Could ADS sponsor a survey of dictionary users?  Sent by email (no mailing
cost)?  I'll be happy to draft one, if there is some assurance that it will be
sent and the responses compiled, for general use, no restrictions.>>


I'm all for finding out more about how people use dictionaries and the
difficulties they have, and I'm all for making dictionaries as user-friendly as
we can.

But I am skeptical of Frank's notion of basing a dictionary on how most users
use the dictionary most of the time.

Consider the logic:

If people almost never use the dictionary for pronunciations anyway, what's the
point in including them?  What's the point in going through the trouble of
changing the pronunciation system to another one that has its own rules and
transformations? Will people be more likely to read the pronunciations under a
"newspaper" style system if they didn't under a conventional treatement? will
they be able to disentangle the ambiguities? does it matter? It doesn't seem to
bother the editors of our newspapers.

To the bigger questions: If we are basing the structure and content of the
dictionary on the relative frequency with which people look up specific parts of
it, why should we include function words and  basic verbs and all sorts of other
things that most people do not bother to look at, since they "know" them
already?

An education researcher once objected to me that children really didn't need to
wade through all those basic words like do and of.  Kids really needed a
streamlined dictionary that contained just what they needed know.

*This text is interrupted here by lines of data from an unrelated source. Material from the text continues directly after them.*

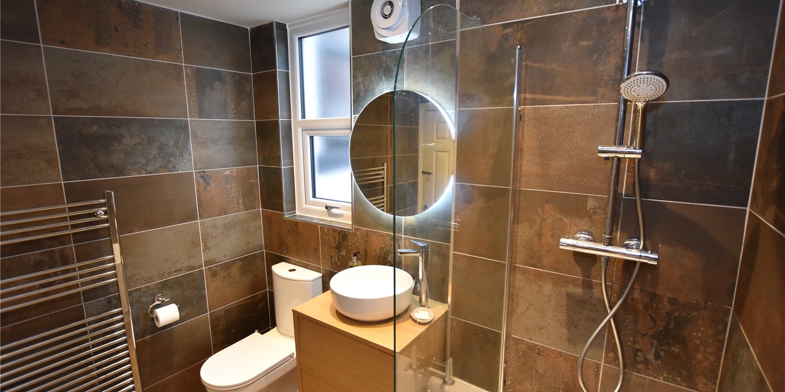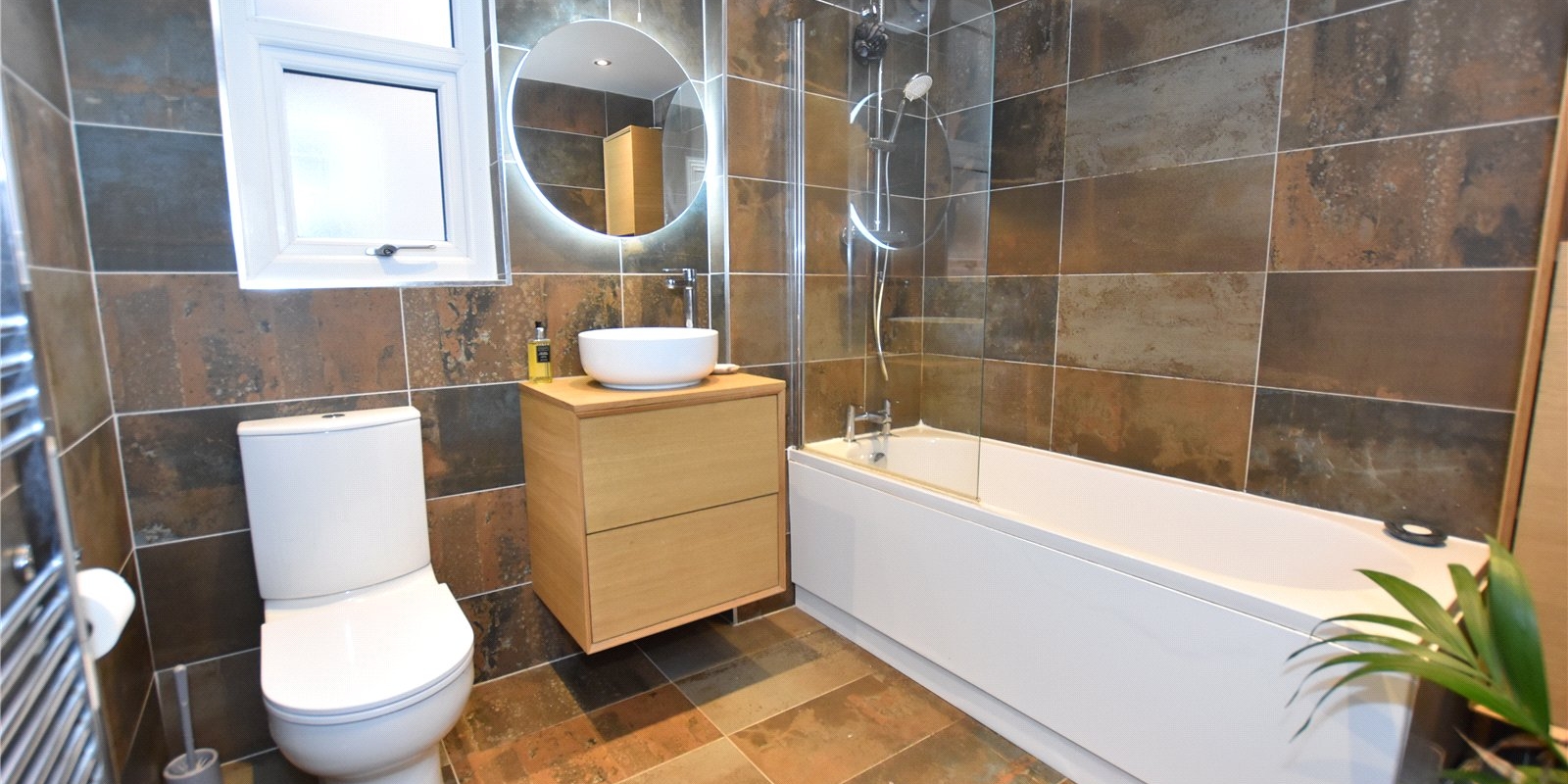 To the first floor are three well-proportioned bedrooms and a beautifully appointed modern bathroom. The bathroom comprises a bath with shower over, a warm wood vanity unit, and fully tiled walls in stunning terracotta-brown marble-effect tiles, creating a luxurious yet inviting finish.
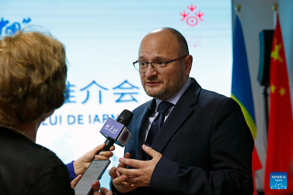 Cristian Ciuciureanu, general manager of Itinera Venus Travel, speaks during an interview with Xinhua at an event promoting winter tourism in China at the Chinese Cultural Centre in Bucharest, Romania, on Jan. 13, 2025. (Photo by Cristian Cristel/Xinhua)
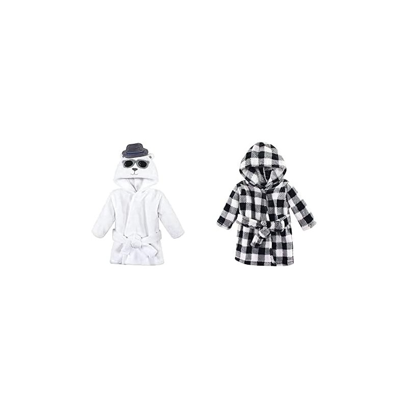 Hudson Baby Plush Animal Face Robes, Giraffe and Blue Elephant(Handsome Bear Black Plaid One Size)
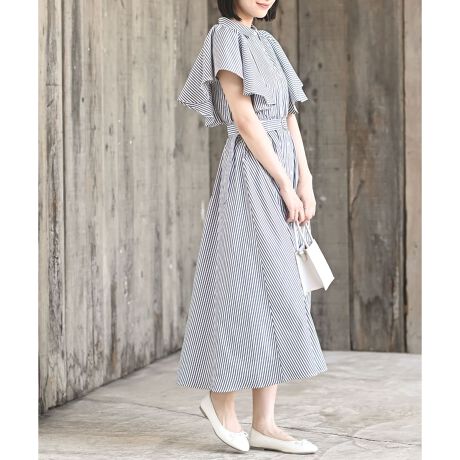 清涼感のある上品なストライプワンピース
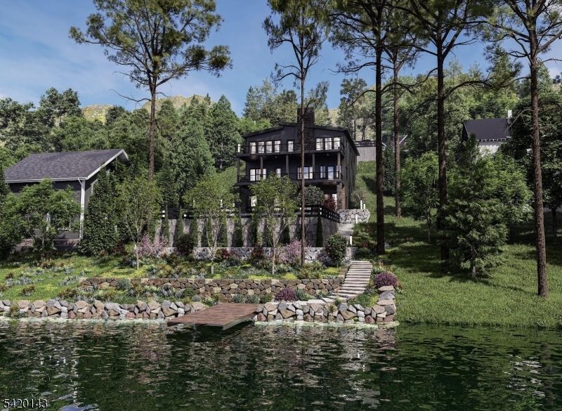 A rare opportunity to own a brand new, architecturally striking lakefront home in the highly sought-after Erskine Lakes community of Ringwood. Thoughtfully designed to embrace the natural topography, this custom residence offers three levels of finished living space (approx 3700 sq ft), expansive decking, and stunning lake views from nearly every room. The main living level features a bright, open-concept layout with a designer kitchen, oversized island, dining area, and spacious family room. Walls of glass and sliding doors lead to a full-width deck perfect for entertaining or simply taking in the peaceful surroundings. A primary suite on this level provides convenience and privacy, complete with a spa-like bath and generous closet space. The middle level offers two additional bedrooms and flexible living space, ideal for guests, home office, or recreation, all designed with modern flow and functionality in mind. The walkout lower level is a true standout, featuring exceptional ceiling height specifically designed to accommodate a golf simulator, along with ample space for a media room, gym, or game area. Direct access to outdoor terraces and professionally designed landscaping enhances the indoor-outdoor lifestyle. Enjoy all that Erskine Lake has to offer, including year round social events, beach club, access to beaches, boating, and a vibrant lake community all just under an hour from NYC. To be built- bring your vision and make this exceptional lakefront home your own.

In other words, I told her, she wanted a children's dictionary that did not have
the easy words or the really hard adult words, but just the words that were
pretty hard.  How were we supposed to identify those pretty hard words? pretty
hard for who? pretty hard for what situation?

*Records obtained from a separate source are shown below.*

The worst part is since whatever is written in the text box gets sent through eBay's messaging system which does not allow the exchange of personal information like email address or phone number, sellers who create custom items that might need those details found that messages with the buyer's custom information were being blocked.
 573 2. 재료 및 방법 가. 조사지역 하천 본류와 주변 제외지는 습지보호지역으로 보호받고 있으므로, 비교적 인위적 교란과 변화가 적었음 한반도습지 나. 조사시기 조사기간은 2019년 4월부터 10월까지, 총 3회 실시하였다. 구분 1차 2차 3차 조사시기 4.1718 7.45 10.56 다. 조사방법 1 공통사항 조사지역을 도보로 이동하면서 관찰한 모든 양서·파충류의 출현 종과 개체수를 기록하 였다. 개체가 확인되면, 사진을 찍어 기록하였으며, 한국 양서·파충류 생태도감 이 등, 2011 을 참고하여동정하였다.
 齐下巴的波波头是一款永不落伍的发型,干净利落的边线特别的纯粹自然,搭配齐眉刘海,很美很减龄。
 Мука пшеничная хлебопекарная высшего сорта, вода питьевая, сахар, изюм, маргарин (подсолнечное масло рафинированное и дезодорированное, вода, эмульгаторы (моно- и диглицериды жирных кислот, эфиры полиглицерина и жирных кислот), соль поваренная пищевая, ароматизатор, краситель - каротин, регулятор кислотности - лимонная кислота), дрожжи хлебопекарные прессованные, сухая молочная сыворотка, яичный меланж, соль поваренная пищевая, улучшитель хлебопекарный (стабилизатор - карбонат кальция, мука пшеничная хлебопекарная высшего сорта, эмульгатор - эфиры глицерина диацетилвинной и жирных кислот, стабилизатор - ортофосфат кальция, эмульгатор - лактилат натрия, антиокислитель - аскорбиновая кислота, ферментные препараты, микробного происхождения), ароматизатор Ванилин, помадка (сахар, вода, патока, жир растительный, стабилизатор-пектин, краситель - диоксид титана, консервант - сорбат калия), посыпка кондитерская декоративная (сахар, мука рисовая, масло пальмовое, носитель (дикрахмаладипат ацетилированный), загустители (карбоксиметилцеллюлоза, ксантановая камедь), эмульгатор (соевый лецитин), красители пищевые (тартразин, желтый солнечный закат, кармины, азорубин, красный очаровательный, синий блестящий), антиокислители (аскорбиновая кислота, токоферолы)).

The problem always boils down to education. A dictionary is after all a very
sophisticated research tool that compresses a lot of information about words
into a very tiny space and requires lots of mental maneuvering (much of which
eventually becomes automatic to verbal sophisticates) to yield productive
knowledge. How thoroughly should dictionary makers expect the education system
to teach students the conventions of the dictionary entry?  Dictionary skills
have come and gone like many other educational fads.

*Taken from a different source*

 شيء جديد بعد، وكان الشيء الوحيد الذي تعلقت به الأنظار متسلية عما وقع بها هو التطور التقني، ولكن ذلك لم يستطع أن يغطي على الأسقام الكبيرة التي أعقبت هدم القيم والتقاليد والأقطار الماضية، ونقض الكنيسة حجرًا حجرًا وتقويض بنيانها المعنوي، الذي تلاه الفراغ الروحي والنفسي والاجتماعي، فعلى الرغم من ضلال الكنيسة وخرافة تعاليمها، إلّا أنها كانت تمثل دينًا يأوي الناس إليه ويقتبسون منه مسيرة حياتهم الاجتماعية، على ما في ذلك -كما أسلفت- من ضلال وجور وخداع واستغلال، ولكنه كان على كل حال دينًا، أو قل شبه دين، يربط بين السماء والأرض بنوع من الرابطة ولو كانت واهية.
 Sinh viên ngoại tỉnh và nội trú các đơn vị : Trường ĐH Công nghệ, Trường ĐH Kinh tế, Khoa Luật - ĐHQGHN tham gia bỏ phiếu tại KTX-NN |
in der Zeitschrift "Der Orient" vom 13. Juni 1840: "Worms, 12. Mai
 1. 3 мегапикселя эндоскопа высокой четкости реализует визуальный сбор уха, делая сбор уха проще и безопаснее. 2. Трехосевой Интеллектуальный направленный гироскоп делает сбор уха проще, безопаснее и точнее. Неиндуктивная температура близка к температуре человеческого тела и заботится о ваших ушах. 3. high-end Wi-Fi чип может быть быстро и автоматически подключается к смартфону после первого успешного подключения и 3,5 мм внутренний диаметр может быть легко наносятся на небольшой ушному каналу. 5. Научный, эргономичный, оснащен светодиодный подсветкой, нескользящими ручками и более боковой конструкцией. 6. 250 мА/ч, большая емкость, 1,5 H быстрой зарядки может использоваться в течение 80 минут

The alternative is to try to make dictionaries more user-friendly in their
structure and content. Efforts to make dictionaries more user-friendly
inevitably require more space (as in the discursive style of defining that is
common to kids' dictionaries: "To rob means to take something away from
someone.")  But when you add more text, you require more reading, and this
itself has pedagogical limitations, since it makes no sense to write discursive
definitions (or add grammatical information, etc.), if readers are turned off by
too much text, and stop reading after the first two lines of an entry.  And this
leads to inevitable discussions about what is dispensable in order to
accommodate the more discursive treatment.

I'm not dismissing Frank's ideas. I'm just saying that this is a very
complicated matter that does not have an easy solution, and that this may be why
dictionary makers have stuck to their conventional treatment of pronunciation
and many other things.  It's the devil you know.